Within this file, collect all necessary imports and setup a function with default plot settings, e.g.:

def companyFigure((rows,cols),(width,height)=(768,576),dpi=72,fig_kwargs={}):
    """
    first, reset mpl style to default, then enforce a new one. 
    This is helpful when the new style does not overwrite *all* attributes 
    """
    style="ggplot" ##<- put your own style file here, if you have one
    mpl.rcParams.update(mpl.rcParamsDefault)
    mpl.style.use(style)

    ## that's your function:
    def add_watermark(ax):
        ax.text(ax.get_xlim()[0] + 0.1, 
                ax.get_ylim()[0] + 0.1, 
                "<Company Name>", 
                alpha=0.5)

    ## create figure with some arguments
    fig,ax=plt.subplots(rows,cols,
            figsize=(width/float(dpi),height/float(dpi)),
            dpi=dpi,
            **fig_kwargs
            )

    ## I'm presuming that you may want to have subplots somewhere down the line;
    ## for the sake of consistency, I'm thus making sure that "ax" is always a dict:
    if rows==1 and cols==1:
        ax={0:ax}

    for a in ax:
        add_watermark(a)

    return fig,ax

Now, all future plots can fall back to this template, simply by running:

from companyplots import *

fig,ax=companyFigure((2,1),(500,300))
## do your plotting here...
plt.show()

Comments

0

Since Matplotlib version 3.6 and Seaborn 0.12, I use:

def addwatermark(ax):
    """ Place watermark in bottom right of figure. """
    text = "<watermark>"
    ax.annotate(text, xy=(0.3, 0.1), xycoords='axes fraction', alpha=0.4, fontsize='large', rotation=45, fontweight=550)
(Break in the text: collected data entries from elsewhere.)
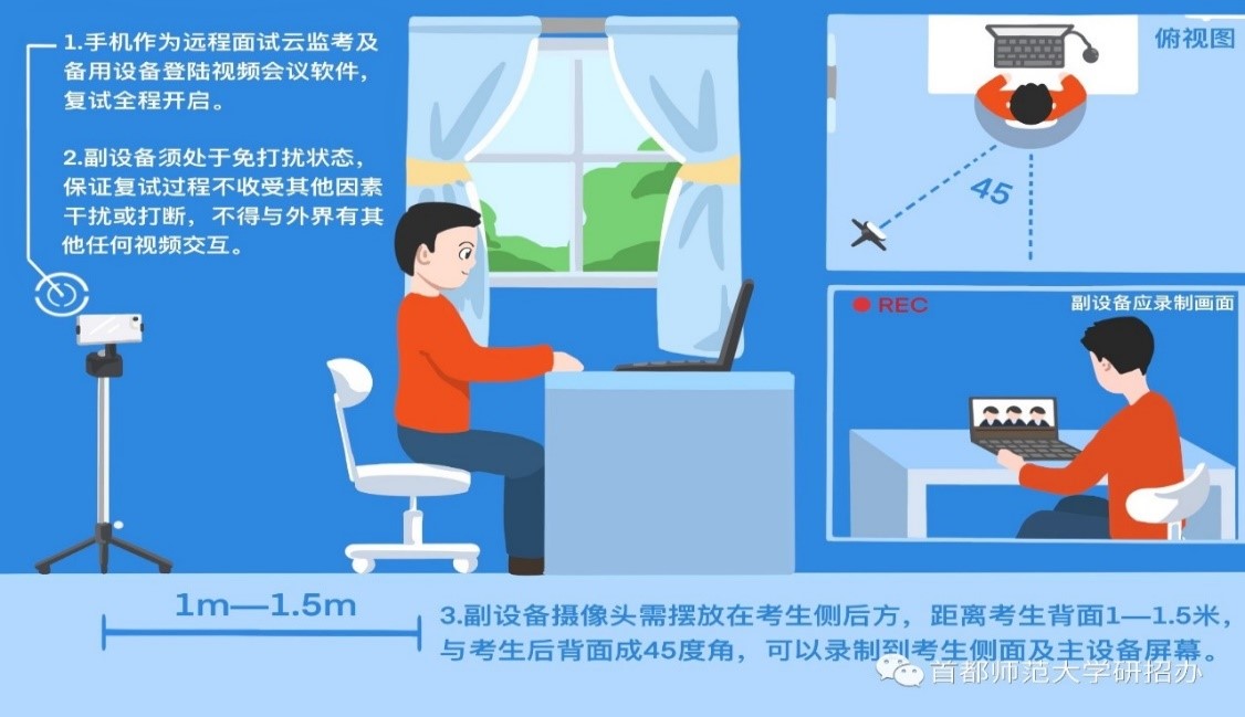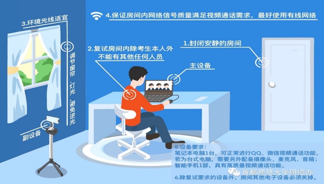 1.考生需要在安靜、明亮的房間獨(dú)立進(jìn)行遠(yuǎn)程面試,房間內(nèi)除考生本人不能有其他人員。周圍環(huán)境不得對(duì)復(fù)試產(chǎn)生干擾。視頻背景必須為真實(shí)環(huán)境。
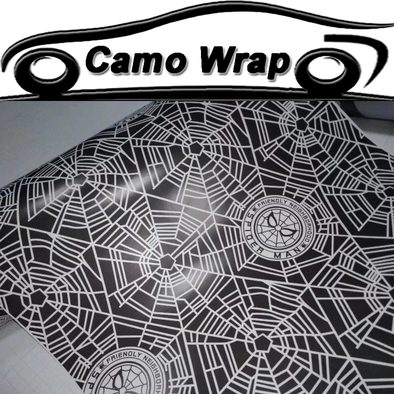 Best Price Spiderman Spider Web Vinyl Film Camo Auto Wrap Spider Man Sticker Voertuig Wrapping Film Met Luchtbel ORINO WRAPS
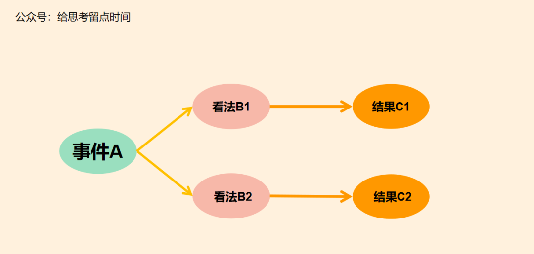 如图中,A指事情的前因,C指事情的后果,有前因必有后果,但是有同样的前因A,产生了不一样的后果C1和C2。
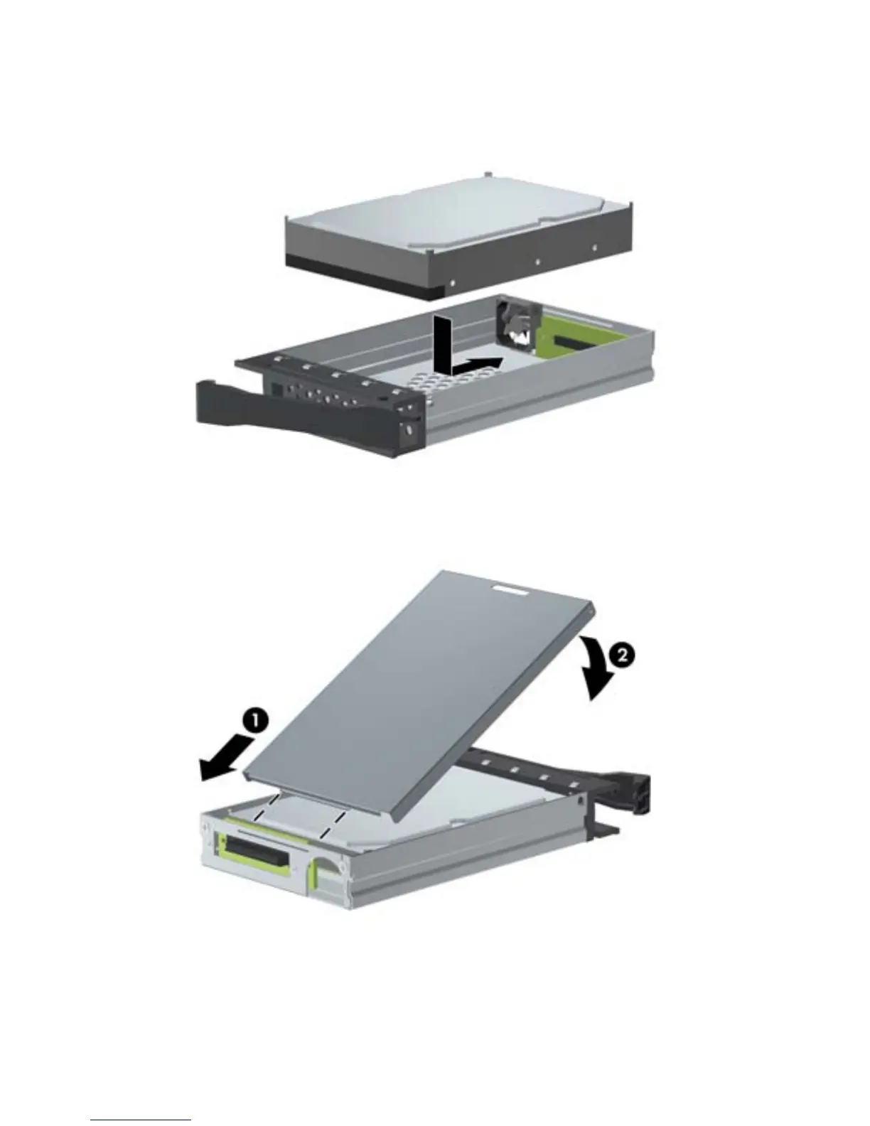 5. Slide the drive all the way to the rear end of the carrier so that the power and data connectors
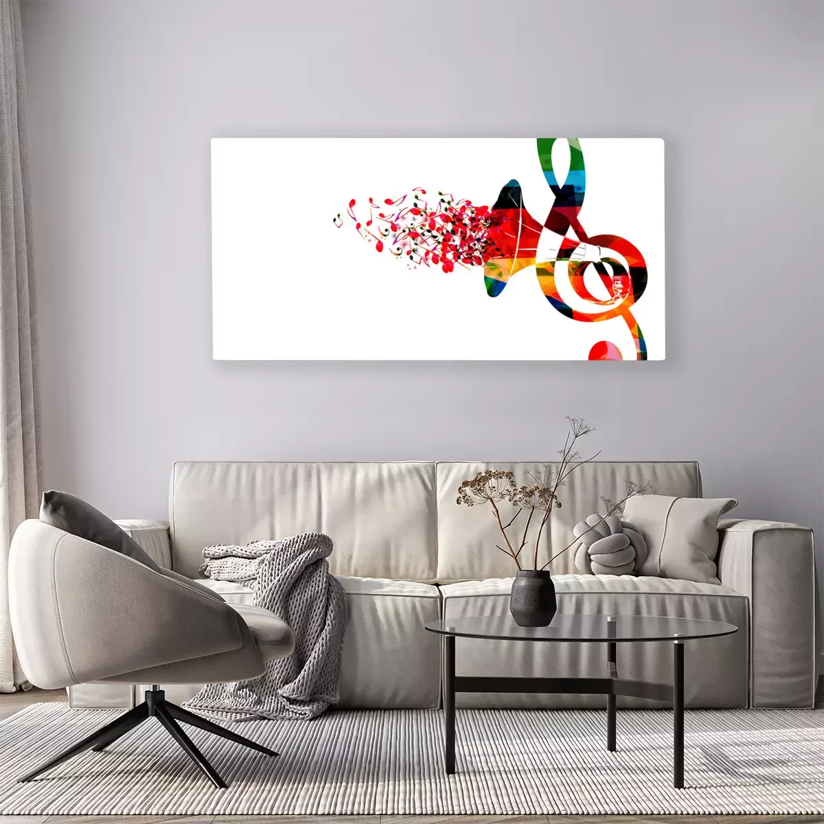 Canvas  Colorful G-clef with gramophone horn isolated vector illustration design. Music background. Retro phonograph horn with music notes, music festival poster, concert events, party flyer
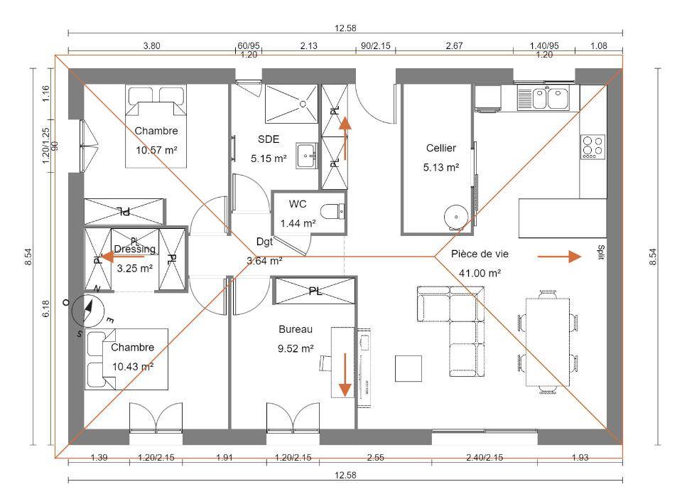 Maison plain pied de 90m2.Profitez d'une grande pièce de vie fonctionnelle et baignée de lumière attenante au cellier/buanderie, un coin nuit avec 2 chambres dont une avec dressing, 1 bureau,1 salle de bain avec grande douche à l'italienne, 1 WC séparé.
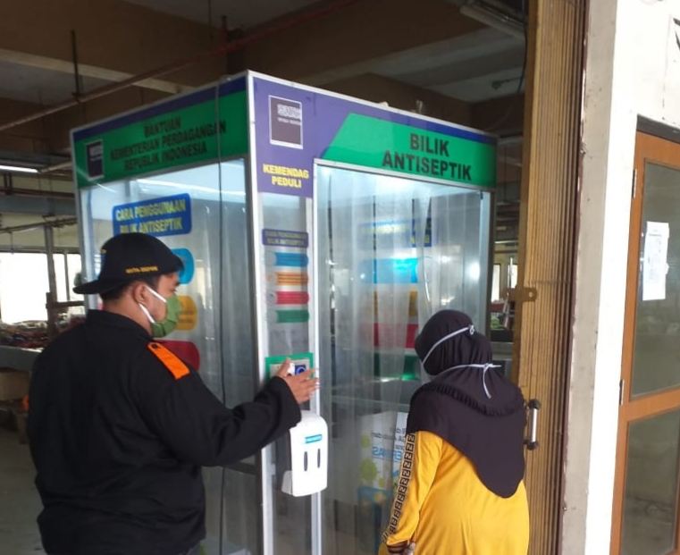 “Jadi, para pedagang dan pengunjung pasar yang akan masuk ke area pasar akan disterilisasi dulu melalui bilik disinfektan,” kata Zamrowi, Senin (21/09/20).
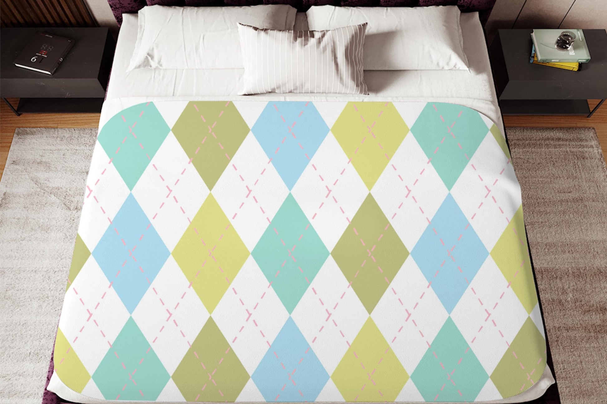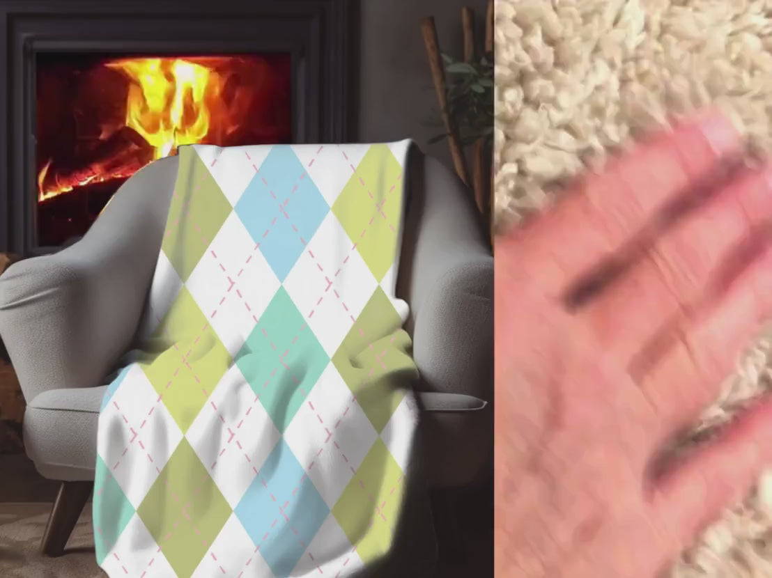 This sherpa blanket features a timeless argyle pattern in soft pastel tones of blue, green, yellow, and pink—perfect for cozy, classic style.

You can add this in a separate addwatermark.py file and call from addwatermark.py import addwatermark.

Usage example:

import matplotlib.pyplot as plt
from addwatermark.py import addwatermark

fig, ax = plt.subplots()
ax.plot(x=[1, 2, 3, 4, 5], y=[1, 2, 3, 4, 5])
addwatermark(ax)
plt.show()

Also Seaborn works:

import seaborn as sns
import matplotlib.pyplot as plt
from addwatermark.py import addwatermark
ax = sns.scatterplot(x=[1, 2, 3, 4, 5], y=[1, 2, 3, 4, 5])
addwatermark(ax)
plt.show()

If you use facetgrid or pairgrid in Seaborn, the axes can be accessed through their attribute ax.

Matplotlib also has an example, but that did not work with Seaborn.